Almost all human food comes from photosynthesis carried out by chloroplasts, and the chloroplast protein-import system is the foundation enabling photosynthesis to occur.
Based on an innovative approach, a team of researchers led by Dr. Hsou-min Li at Academia Sinica’s Institute of Molecular Biology has found the bridge linking, and allowing proteins to cross, the two surrounding membranes of chloroplasts. They have named the bridge TIC236. Their study sheds new light on how chloroplasts work and how plants evolve. The team’s results were published in the renowned journal Nature, and highlighted by a News and Views article recommending their findings.
Dr. Li said that if we view a plant cell as a city, chloroplasts are the farms providing food for the city, with photosynthetic proteins being the farmhands recruited from outside the farms. The two membrane layers surrounding chloroplasts are like the walls surrounding the farms, and there is even a moat between the walls. This study found that TIC236 serves as a bridge between the walls, allowing proteins to cross the walls and moat to go into chloroplasts to “work”. Without TIC236, Li said, chloroplasts would “lack labor”, which would cause a plant to perish in its nascent stage as an embryo.
Apart from discovering how chloroplasts work, the team’s study also found that TIC236 has evolved from a cyanobacterial ancestor, which is a significant discovery of the chloroplast evolutionary process. In the evolutionary history of life, an unknown ancient cyanobacterium was engulfed by another unicellular organism, evolved into chloroplasts and created all the plants on Earth. Identification of TIC236 will facilitate identifying what kind of cyanobacterium was the true ancestor of the chloroplast.
In addition, this research project discovered how organelles use different ways to import proteins.
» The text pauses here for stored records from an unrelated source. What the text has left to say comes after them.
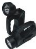
MCI BW 6210
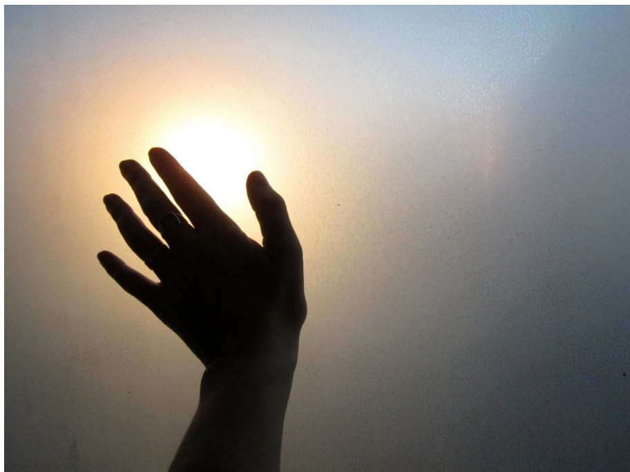
ELINE MUGAAS (F. 1969) Touching the Setting Sun (2014) Fotografi, 111x149cm
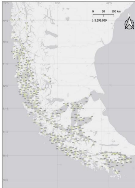
Figura 1. Procedencias de pesca del recurso centolla en la Región de Magallanes entre 2007 y 2022.
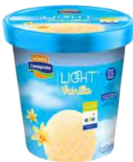
Helado Light Vainilla Cont. Neto 900 ml
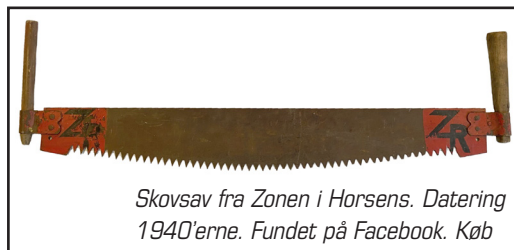
Skovsav fra Zonen i Horsens. Datering 1940'erne. Fundet på Facebook. Køb
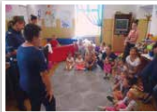
Pogadanka dotycząca zasad bezpieczeństwa

/Pracownicy Gminnej Biblioteki Publicznej im. Ewy Kołaczkowskiej w Strzyżewicach/.

A plant’s cells are full of organelles importing proteins in different ways, one instance being mitochondria making a path for proteins by shortening the distance between the two surrounding membranes at a few places. The team’s research found that chloroplasts import proteins by building a long bridge between the two membranes. This difference in the ways of importing proteins suggests that the chloroplast and mitochondrion have different bacterial ancestors.
Dr. Li has devoted many years to studying how proteins get imported into chloroplasts, and has made a number of major discoveries. One of the reasons of the significant contributions this time lies in her project’s innovative methodology. Dr. Li remarked that previous studies were unable to provide an accurate analysis of the surrounding membranes because the massive internal thylakoid membrane system of the chloroplast severely interfere with composition analyses by mass spectrometry. This project’s breakthrough came from the researcher team’s success in surmounting the difficulty of getting research material from leucoplasts, which are similar to chloroplasts but lack the thylakoid system.
The team’s paper was published in the November 21, 2018 issue of Nature, under the title “TIC236 links the outer and inner membrane translocons of the chloroplast”.
Preproteins are transported into chloroplasts by the TOC and TIC (translocons at the outer- and inner-envelope membranes of chloroplasts, respectively) machineries, but how TOC and TIC are assembled together is unknown.
Dr. Hsou-min Li’s research team reports that TIC236 links the outer and inner membrane translocons of the chloroplast.
The result also suggests that the backbone of the chloroplast protein-import machinery evolved from the bacterial BamA –TamB protein-secretion system.